AGI – Ora che anche Andrea Marcucci, capogruppo Pd al Senato, ammette che quella dell’intergruppo Pd-M5s-Leu a Palazzo Madama è una sua iniziativa, Nicola Zingaretti chiede una moratoria alle polemiche: “Non cavalcherei troppo questo tema anche perché io ho preso un partito che era marginale e sconfitto – dice, riferendosi al dopo voto delle politiche 2018 che vide il Pd fermarsi al minimo storico del 18% – ed ora è di nuovo centrale, con una rete di alleanze”.
Una stoccata diretta a Matteo Renzi che da segretario pagò con le dimissioni la sconfitta alle urne. È stato proprio Renzi ad accusare il suo ex partito di aver messo da parte i gazebo, per seguire la linea Zingaretti-Bettini.
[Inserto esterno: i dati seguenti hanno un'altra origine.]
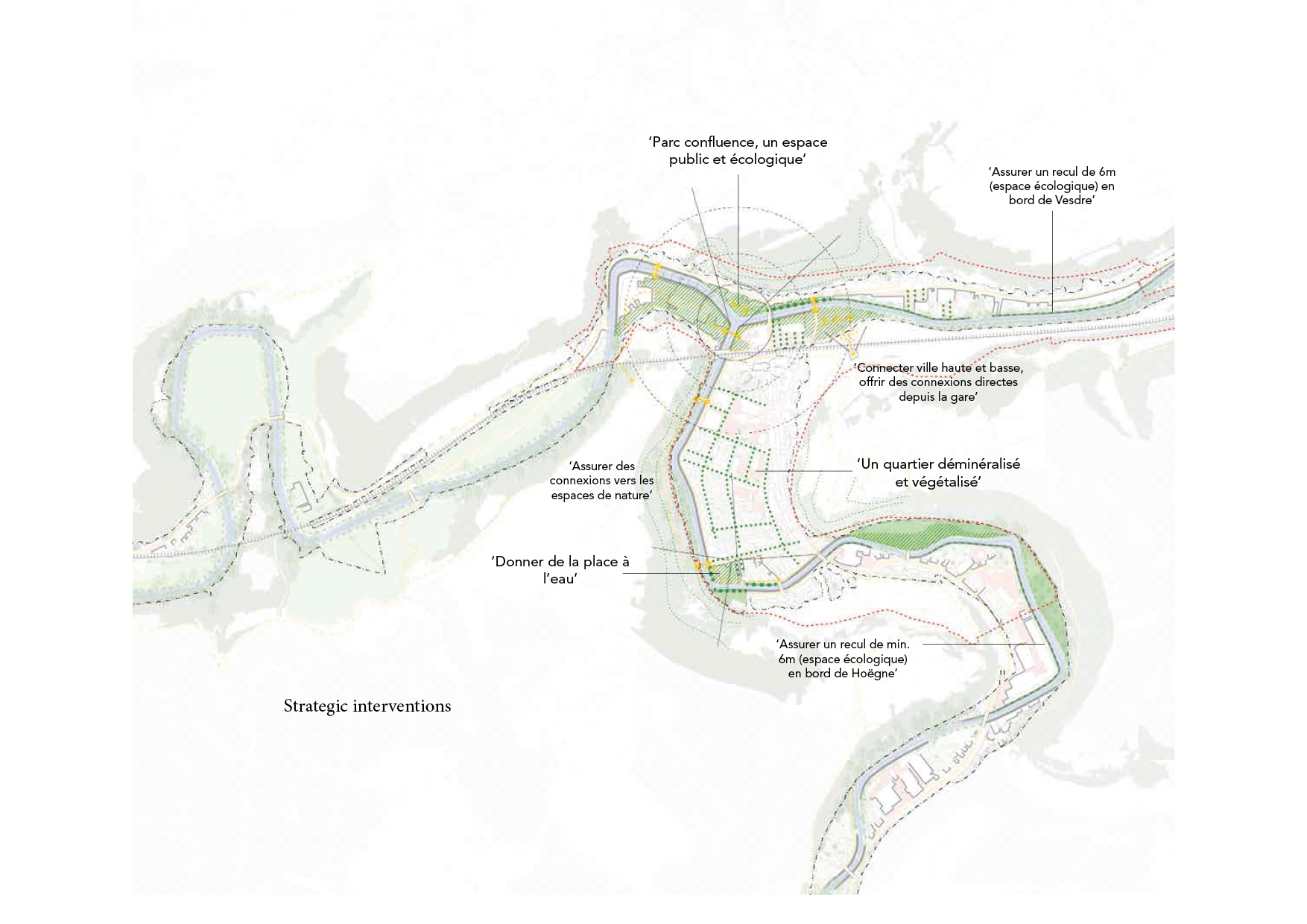 Suite aux inondations majeures de 2021 dans la vallée de la Vesdre, dans le sud de la Belgique, notre équipe multidisciplinaire a été nommée pour réévaluer les développements futurs dans 6 des villes les plus touchées. L'étude stratégique crée le cadre d'un développement résilient des vallées, avec l’espace de l’eau comme devise.

È proprio all’esponente dem, molto vicino al segretario, che il leader di Italia Viva attribuisce la paternità dell’intergruppo, visto come il seme di una alleanza strutturale fra le tre forze del centro sinistra. Bettini smentisce pubblicamente, riferendo di avere saputo dell’iniziativa solo dalle agenzie di stampa e, poco dopo, le parole di Marcucci confermano la ricostruzione spazzando il campo dai sospetti.
Anche perchè Marcucci è senatore di Base Riformista, l’area che guarda a Lotti e Guerini, e da sempre contrario all’alleanza con i 5 stelle. Difficile, quindi, che una sua iniziativa possa mirare a rinsaldare l’asse.
L’obiettivo dell’intergruppo è dunque un altro, più circoscritto: evitare una emorragia dal Movimento 5 stelle al Senato. A dimostrare che l’esperimento è destinato ad essere circoscritto a Palazzo Madama – viene fatto notare da fonti parlamentari dem – c’è il fatto che nulla del genere è nato alla Camera dove M5s sembra riuscire a tenere sotto controllo i malumori scaturiti dalla nuova maggioranza che va emergendo.
Che il tentativo sia andato a buon fine, poi, è tutto da dimostrare: a votare contro la fiducia a Draghi – ed essere conseguentemente espulsi dal Movimento – sono stati 15 senatori. Tanti, troppi. Anche perché il numero totale dei senatori dell’intergruppo scende a 116, uno solo in più di quelli del centrodestra, e al netto dei 6 assenti di ieri.
Fonti parlamentari dem, alla luce di tutto ciò, considerano “un fallimento” l’esperimento di Palazzo Madama, tanto da rendere “improbabile la riproposizione dello stesso schema alla Camera”. In ogni caso, la linea di Zingaretti è chiara ed è quella certificata da numerosi voti in direzione: “Un Pd forte e alleanze vincenti” da scegliere di volta in volta valorizzando i territori. In altre parole, nessuna alleanza o candidatura verrà calata dall’alto.
Questo vale anche per Roma, dove nelle ultime ore si fa sempre più insistentemente il nome dell’ex ministro dell’Economia, Roberto Gualtieri. “Sceglieranno i romani – ribadisce il segretario del Pd – Nelle città costruiremo alleanze larghe. Nel lavoro parlamentare se c’è un coordinamento, non accenderei troppi casi politici su questo. Un partito come il Pd deve avere una sua identità, ma anche preoccuparsi di essere insieme agli altri”.